Required work.
Output the listing word for word, minus images.

:: The input

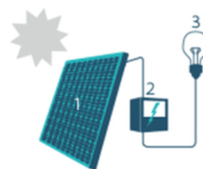
1. Zonnepaneel | 2. Omvormer | 3. Elektrische toestellen

Om de zonnepanelen optimaal te laten renderen, plaatst u ze tussen oostelijke en westelijke richting onder een hoek van 20° tot 60°.
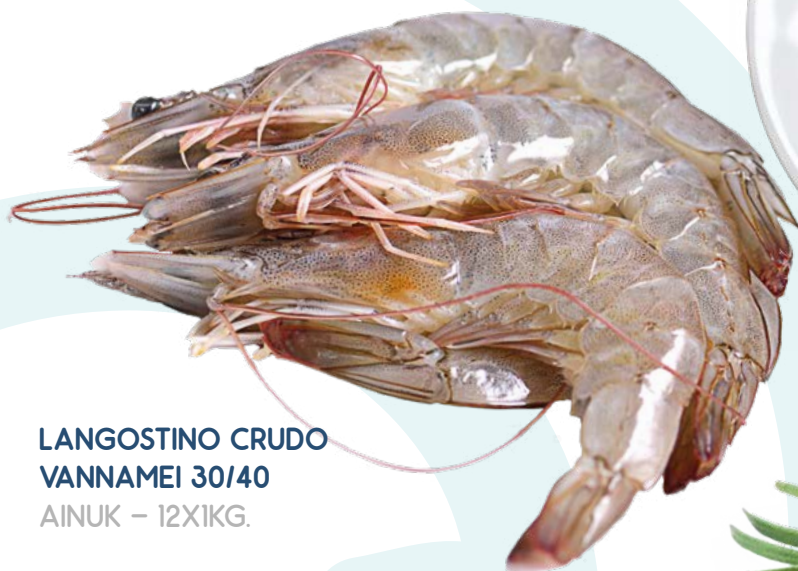
LANGOSTINO CRUDO VANNAMEI 30/40 AINUK – 12X1KG.
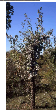
Baliveau au printemps suivant
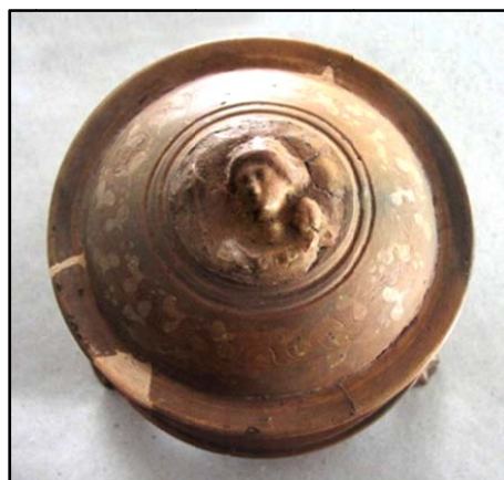
Сл. 20. Овие допадливи кутии за накит, кои му даваат специфичен белег на хеленистичкото време во Македонија, претставуваат одраз на цивилизиран дел од населението. Кај нас на Исарот откривани се во голем број како дарови во женските гробови.
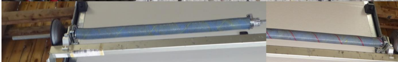
Den knækkede fjeder og de to nye. Læg i øvrigt mærke til det politisk ukorrekte: den fjeder med det grønne bånd sidder til venstre, den med det røde bånd sidder til højre. Nå, forhåbentlig går det.
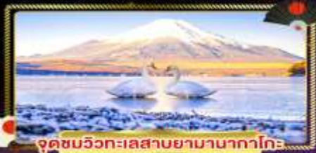
จุดชมวิวกะเลสาบยามานากาโกะ
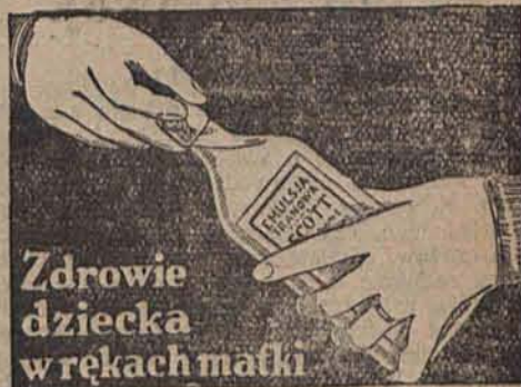
Zdrowie dziecka w rękach matki

W zimie szczególnie organizm dziecka wymaga wzmocnienia i uodpornienia, gdyż w tej porze roku, nawet lekkie przeziębienie spowodować może niebezpieczne dla zdrowia komplikacje. Emulsja Tranowa f. Scotta zawiera obfitujący w witaminy A i D tran leczniczy, oraz hipofosfity wapnia i sodu. Dzięki temu wzmacnia ona wydalinę organizmu dziecka, pobudza apetyt, wzmacnia wzrost i powoduje przybieranie na wadze. Dzieci chętnie przyjmują Emulsję Tranową Scotta, gdyż jest przyjemna w smaku i lekkostrawna. Żądajcie zawsze prawdziwej Emulsji Tranowej wyrobu firmy

::::

Completed task.
1. Zonnepaneel | 2. Omvormer | 3. Elektrische toestellen

Om de zonnepanelen optimaal te laten renderen, plaatst u ze tussen oostelijke en westelijke richting onder een hoek van 20° tot 60°.
LANGOSTINO CRUDO VANNAMEI 30/40 AINUK – 12X1KG.
Baliveau au printemps suivant
Сл. 20. Овие допадливи кутии за накит, кои му даваат специфичен белег на хеленистичкото време во Македонија, претставуваат одраз на цивилизиран дел од населението. Кај нас на Исарот откривани се во голем број како дарови во женските гробови.
Den knækkede fjeder og de to nye. Læg i øvrigt mærke til det politisk ukorrekte: den fjeder med det grønne bånd sidder til venstre, den med det røde bånd sidder til højre. Nå, forhåbentlig går det.
จุดชมวิวกะเลสาบยามานากาโกะ
Zdrowie dziecka w rękach matki

W zimie szczególnie organizm dziecka wymaga wzmocnienia i uodpornienia, gdyż w tej porze roku, nawet lekkie przeziębienie spowodować może niebezpieczne dla zdrowia komplikacje. Emulsja Tranowa f. Scotta zawiera obfitujący w witaminy A i D tran leczniczy, oraz hipofosfity wapnia i sodu. Dzięki temu wzmacnia ona wydalinę organizmu dziecka, pobudza apetyt, wzmacnia wzrost i powoduje przybieranie na wadze. Dzieci chętnie przyjmują Emulsję Tranową Scotta, gdyż jest przyjemna w smaku i lekkostrawna. Żądajcie zawsze prawdziwej Emulsji Tranowej wyrobu firmy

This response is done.